■ **Exercise instructions**
Give the lines again exactly as they appear below, from the line with "Das Heart&Soul ist" to the line with "Beach Window 40", both included, and only those lines. Leave every picture out.
---------- Exercise inputs
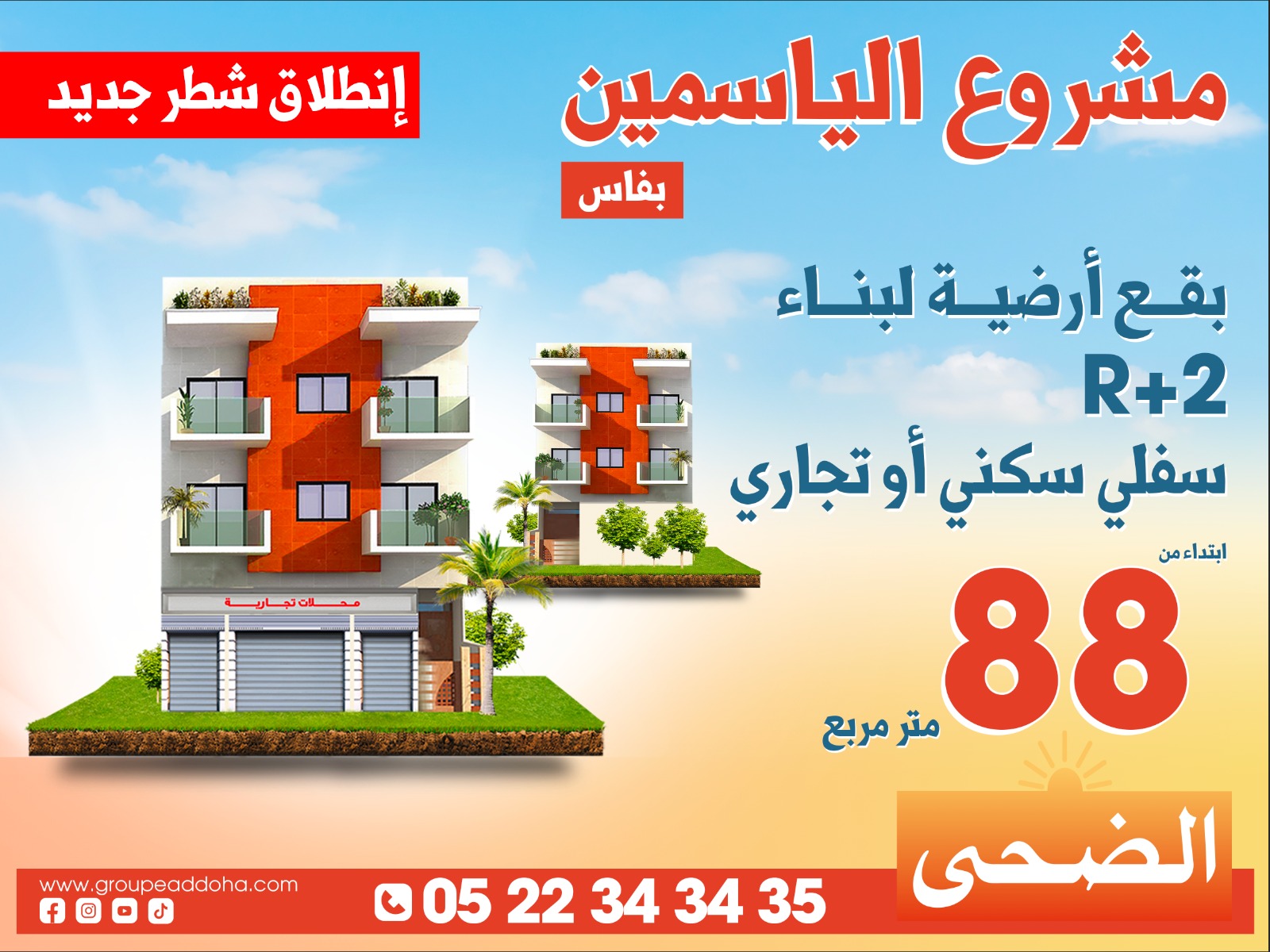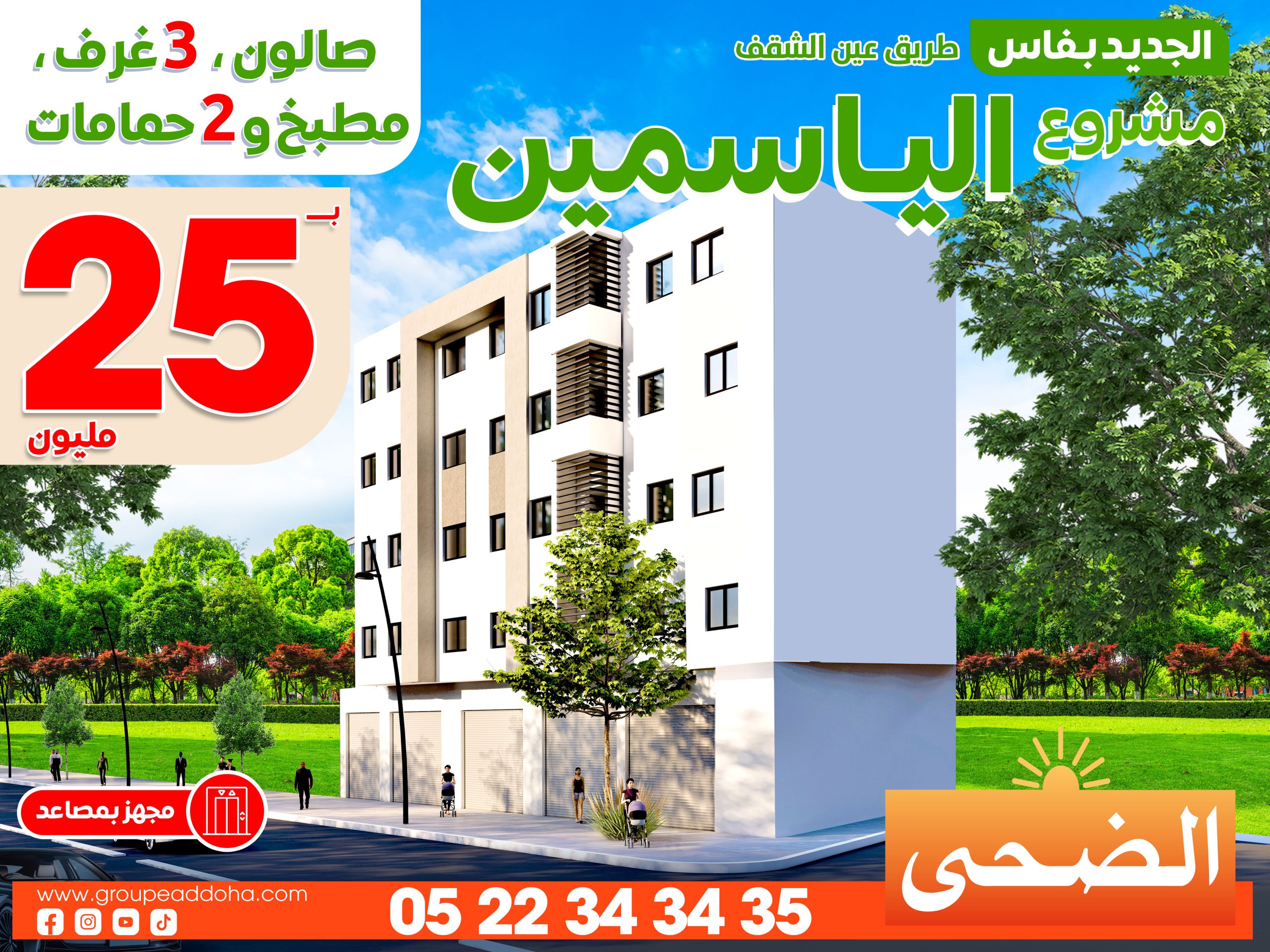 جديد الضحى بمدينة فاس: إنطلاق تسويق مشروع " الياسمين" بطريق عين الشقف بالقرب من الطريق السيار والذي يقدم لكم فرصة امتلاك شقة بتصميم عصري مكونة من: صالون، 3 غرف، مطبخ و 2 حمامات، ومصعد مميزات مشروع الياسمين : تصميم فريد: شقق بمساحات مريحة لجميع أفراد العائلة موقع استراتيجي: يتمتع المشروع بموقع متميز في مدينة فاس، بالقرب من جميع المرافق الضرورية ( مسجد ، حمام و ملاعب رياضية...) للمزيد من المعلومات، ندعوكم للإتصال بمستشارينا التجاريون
--------------------
---------- Exercise inputs
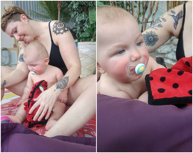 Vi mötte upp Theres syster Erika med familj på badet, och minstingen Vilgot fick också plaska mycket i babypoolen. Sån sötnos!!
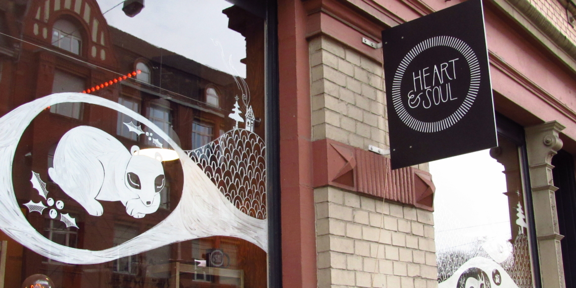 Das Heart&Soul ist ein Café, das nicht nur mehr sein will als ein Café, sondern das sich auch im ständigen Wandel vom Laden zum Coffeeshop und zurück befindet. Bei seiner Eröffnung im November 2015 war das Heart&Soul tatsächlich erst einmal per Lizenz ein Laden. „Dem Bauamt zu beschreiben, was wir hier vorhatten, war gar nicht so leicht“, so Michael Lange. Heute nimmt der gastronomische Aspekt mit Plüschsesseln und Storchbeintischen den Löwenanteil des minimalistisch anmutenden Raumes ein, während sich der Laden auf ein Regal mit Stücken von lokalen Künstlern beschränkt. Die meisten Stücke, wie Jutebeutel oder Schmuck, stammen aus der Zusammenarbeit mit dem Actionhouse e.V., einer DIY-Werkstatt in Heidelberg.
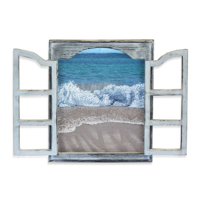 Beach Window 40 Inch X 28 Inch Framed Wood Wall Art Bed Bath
--------------------
---------- Exercise inputs
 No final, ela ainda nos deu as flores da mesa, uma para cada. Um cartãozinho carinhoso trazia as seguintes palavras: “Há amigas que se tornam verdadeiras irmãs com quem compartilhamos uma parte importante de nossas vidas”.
--------------------
■ **Output for this exercise**
 Das Heart&Soul ist ein Café, das nicht nur mehr sein will als ein Café, sondern das sich auch im ständigen Wandel vom Laden zum Coffeeshop und zurück befindet. Bei seiner Eröffnung im November 2015 war das Heart&Soul tatsächlich erst einmal per Lizenz ein Laden. „Dem Bauamt zu beschreiben, was wir hier vorhatten, war gar nicht so leicht“, so Michael Lange. Heute nimmt der gastronomische Aspekt mit Plüschsesseln und Storchbeintischen den Löwenanteil des minimalistisch anmutenden Raumes ein, während sich der Laden auf ein Regal mit Stücken von lokalen Künstlern beschränkt. Die meisten Stücke, wie Jutebeutel oder Schmuck, stammen aus der Zusammenarbeit mit dem Actionhouse e.V., einer DIY-Werkstatt in Heidelberg.
 Beach Window 40 Inch X 28 Inch Framed Wood Wall Art Bed Bath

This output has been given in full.